On Tue, Aug 11, 2009 at 9:39 AM, Ed Spencer<ed_spen...@umanitoba.ca> wrote:
> We backup 2 filesystems on tuesday, 2 filesystems on thursday, and 2 on
> saturday. We backup to disk and then clone to tape. Our backup people
> can only handle doing 2 filesystems per night.
>
> Creating more filesystems to increase the parallelism of our backup is
> one solution but its a major redesign of the of the mail system.

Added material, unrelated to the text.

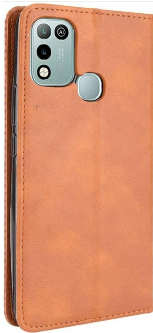
Figure 4: Back view of the case, highlighting the camera cutout.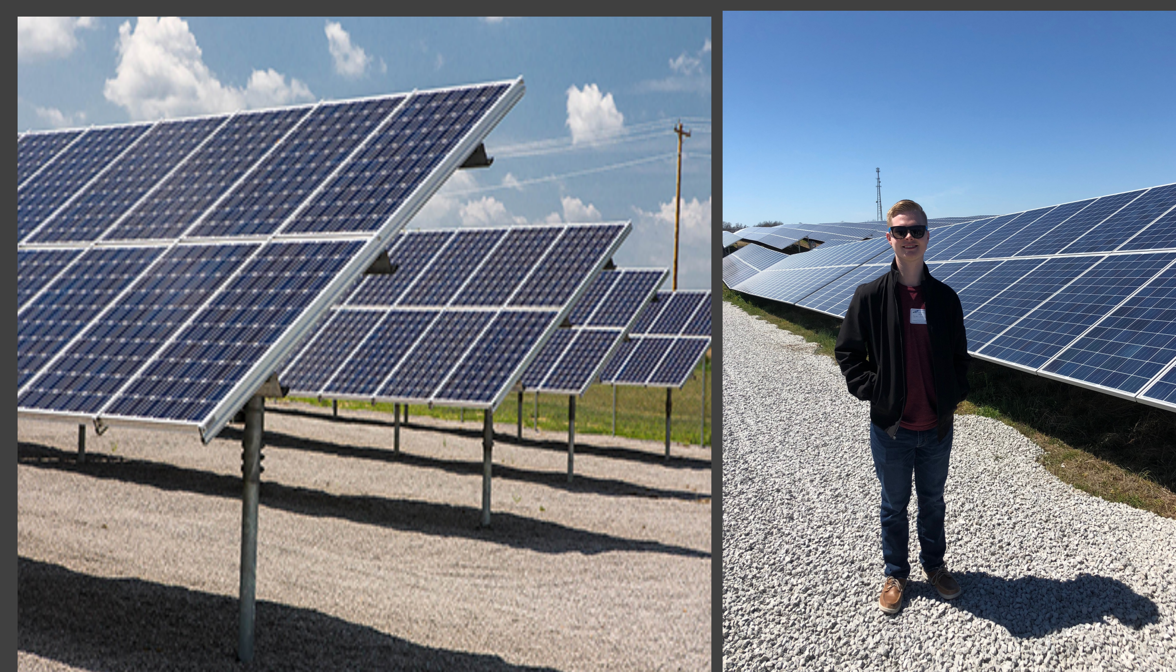
Members toured a solar farm and learned about how solar panels work to generate electricity

What is magical about a 1:1 mapping of backup job to file system?
According to the Networker manual[1], a save set in Networker can be
configured to back up certain directories.  According to some random
documentation about Cyrus[2], mail boxes fall under a pretty
predictable hierarchy.

1. http://oregonstate.edu/net/services/backups/clients/7_4/admin7_4.pdf
2. http://nakedape.cc/info/Cyrus-IMAP-HOWTO/components.html

Assuming that the way that your mailboxes get hashed fall into a
structure like $fs/b/bigbird and $fs/g/grover (and not just
$fs/bigbird and $fs/grover), you should be able to set a save set per
top level directory or per group of a few directories.  That is,
create a save set for $fs/a, $fs/b, etc. or $fs/a - $fs/d, $fs/e -
$fs/h, etc.  If you are able to create many smaller save sets and turn
the parallelism up you should be able to drive more throughput.

I wouldn't get too worried about ensuring that they all start at the
same time[3], but it would probably make sense to prioritize the
larger ones so that they start early and the smaller ones can fill in
the parallelism gaps as the longer-running ones finish.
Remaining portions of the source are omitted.